Sir Edmund Russborough Turton, 1st Baronet, JP, DL (1 November 1857 – 9 May 1929) was a British Conservative Party politician.

==Life==
He was born on 1 November 1857, the eldest child of Edmund Henry Turton of the 3rd Dragoon Guards and his wife Lady Cecilia Mary Leeson, 2nd daughter of Joseph Leeson, 4th Earl of Milltown. He was educated at Eton College, and matriculated at Brasenose College, Oxford in 1876. He was called to the bar at the Inner Temple in 1882.

Turton was an unsuccessful candidate in the Richmond division of the North Riding of Yorkshire at the 1892 and 1895 elections.
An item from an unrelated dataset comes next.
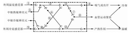 2、下图是人体体温调节部分过程示意图,来自外周(皮肤、黏膜、内脏等)和中枢温度敏感神经元的神经冲动经汇集、整合后引起人体产生相应生理反应,图中①~⑫代表神经元,“+”和“-”分别表示兴奋和抑制。请回答下列问题:

He finally entered the House of Commons twenty years later, in 1915, when he was elected as the Member of Parliament (MP) for the Thirsk & Malton division. His predecessor had inherited a peerage, and Turton was returned unopposed at the resulting by-election.

He was appointed Chairman of the North Riding Quarter Sessions in 1898, a position that he held until at least 1926. He was a Member of the Speaker's Conference on Electoral Reform 1916–17; the Royal Commission on London Government, 1921–23; and of the Royal Commission on Local Government, 1923–25.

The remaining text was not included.